Player’s highly anticipated Fall production of Hairspray has generated quite a buzz. But is this buzz one of excitement or concern? I think excitement.
Hairspray is centered on a girl’s journey to overcome both size bias and racism in 1960s Baltimore. The musical addresses issues of race in the 1960s, but also forces the audience to address racism in the present world. Unfortunately, the musical, which was seen as progressive at the time of its conception and still today, does display a certain amount of aversive racism. Black stereotypes as well as certain language highlight things that are anything but progressive. The musical features Tracy Turnblad, a white protagonist, as the principle character pushing for racial equality. This raises the question of how progressive the musical is in a modern society.
In addition, Hairspray has been known to unintentionally create racial controversy when casted in a certain way. In 2012 a production in Texas raised eyebrows with the hiring of an all white cast. The director of the show commented that it was simply because no black actors auditioned. This is a problem many directors have address when casting a racially sensitive show, but is it better to be “politically correct”, or to simply allow the actors who auditioned to perform? Jill Garrett, director of the Player’s Fall production commented that she “did have some worries about casting because [she] didn’t know who would audition” but was also willing to cast the play in a multi-racial way as to not discriminate against the actors themselves. The Fall production does feature both white and Hispanic actors portraying certain traditionally black characters, but Garrett feels that it won’t disrupt the flow of the story and was done in a way that “the audience wouldn’t even notice”.

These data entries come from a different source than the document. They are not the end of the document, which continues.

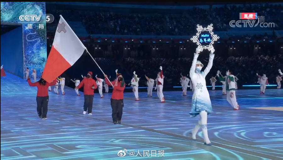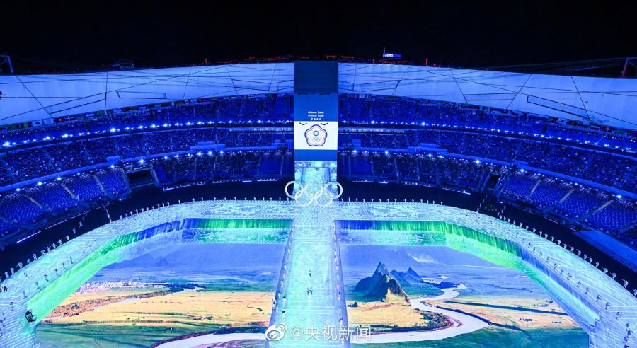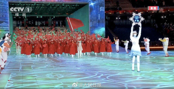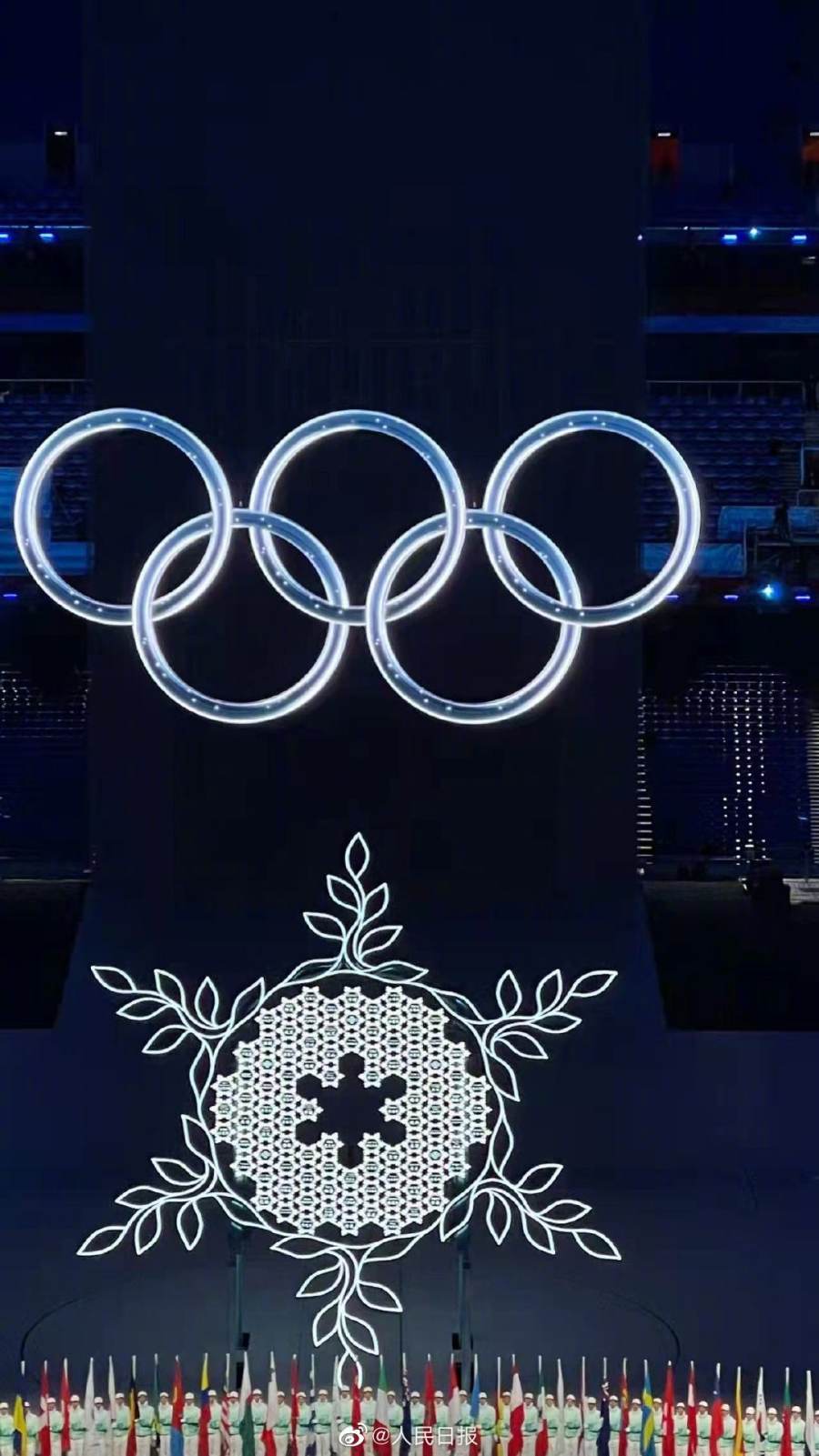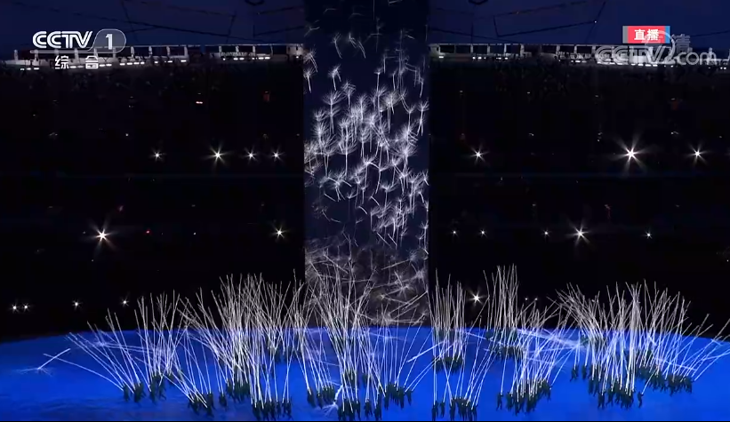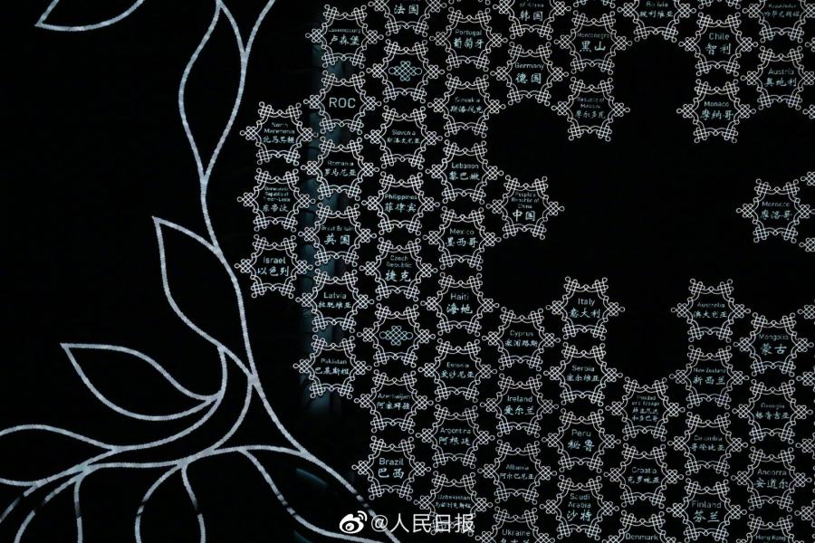 而随着中国代表团的入场,鸟巢里也构建出了一朵大雪花。这朵“大雪花”由全部参赛国家(地区)共同组成,所有国家(地区)名都在其上,以橄榄枝图案造型构成,寓意“协和万邦”。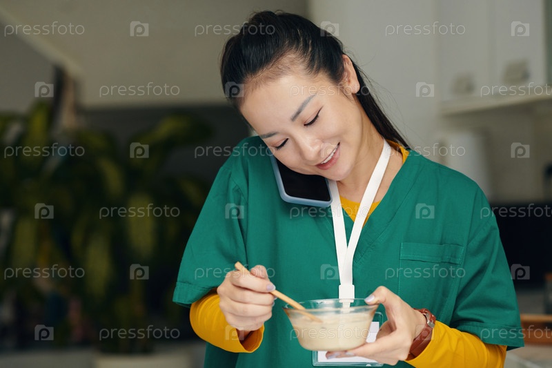 Улыбающаяся медсестра готовит завтрак на занятой кухне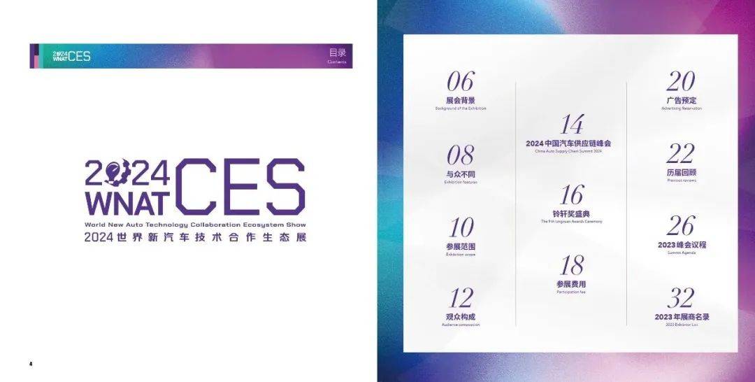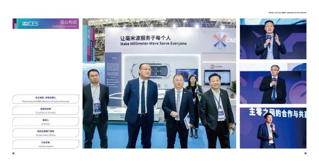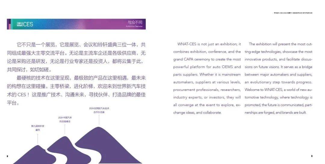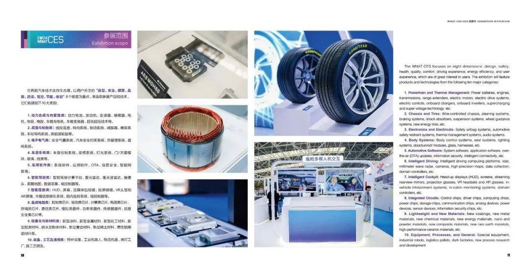 2024年,WNAT-CES以用户关注的“造型、安全、健康、品质、舒适、驾控、节能、体验”8个维度为重点选取参展产品和技术,将重点展示动力总成与热管理、底盘与轮胎、电子电气、车身系统、车用软件、智能驾驶、智能座舱、集成电路、轻量化与新材料、装备、工艺及通用10大类别,构建一个更加高效、精准且具有竞争力的新型汽车供应链展览。

Now the real question: Should you take your kids? The answer is, absolutely! Having noted the musical’s mature themes, and somewhat controversial tendencies, the show can still be a great educating tool for young children who are just getting introduced to the topic. Garrett did, however, note that “it is a complex topic for young children to comprehend, and it is something that parents should talk to their kids about”. But with the presence of upbeat songs and fun dances, the musical will be used to entertain the community more than anything.